* _SUPPLIED MATERIAL_
-*-

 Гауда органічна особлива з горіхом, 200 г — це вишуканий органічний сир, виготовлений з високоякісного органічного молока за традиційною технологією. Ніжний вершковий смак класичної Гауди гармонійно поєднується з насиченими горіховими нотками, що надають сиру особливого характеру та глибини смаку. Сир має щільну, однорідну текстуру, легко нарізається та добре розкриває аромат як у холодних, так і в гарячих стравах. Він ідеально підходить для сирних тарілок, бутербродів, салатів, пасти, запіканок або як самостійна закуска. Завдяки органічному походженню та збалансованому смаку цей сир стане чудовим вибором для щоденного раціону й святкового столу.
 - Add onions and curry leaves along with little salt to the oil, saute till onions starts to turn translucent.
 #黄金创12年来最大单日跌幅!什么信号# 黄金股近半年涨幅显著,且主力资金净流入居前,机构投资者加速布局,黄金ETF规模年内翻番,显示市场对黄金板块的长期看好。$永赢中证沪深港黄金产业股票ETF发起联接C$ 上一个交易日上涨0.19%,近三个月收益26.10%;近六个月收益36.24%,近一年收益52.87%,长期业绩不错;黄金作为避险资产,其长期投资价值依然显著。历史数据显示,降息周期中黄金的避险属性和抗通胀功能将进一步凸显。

-*-

Without altering a single word, repeat the material.

 Гауда органічна особлива з горіхом, 200 г — це вишуканий органічний сир, виготовлений з високоякісного органічного молока за традиційною технологією. Ніжний вершковий смак класичної Гауди гармонійно поєднується з насиченими горіховими нотками, що надають сиру особливого характеру та глибини смаку. Сир має щільну, однорідну текстуру, легко нарізається та добре розкриває аромат як у холодних, так і в гарячих стравах. Він ідеально підходить для сирних тарілок, бутербродів, салатів, пасти, запіканок або як самостійна закуска. Завдяки органічному походженню та збалансованому смаку цей сир стане чудовим вибором для щоденного раціону й святкового столу.
 - Add onions and curry leaves along with little salt to the oil, saute till onions starts to turn translucent.
 #黄金创12年来最大单日跌幅!什么信号# 黄金股近半年涨幅显著,且主力资金净流入居前,机构投资者加速布局,黄金ETF规模年内翻番,显示市场对黄金板块的长期看好。$永赢中证沪深港黄金产业股票ETF发起联接C$ 上一个交易日上涨0.19%,近三个月收益26.10%;近六个月收益36.24%,近一年收益52.87%,长期业绩不错;黄金作为避险资产,其长期投资价值依然显著。历史数据显示,降息周期中黄金的避险属性和抗通胀功能将进一步凸显。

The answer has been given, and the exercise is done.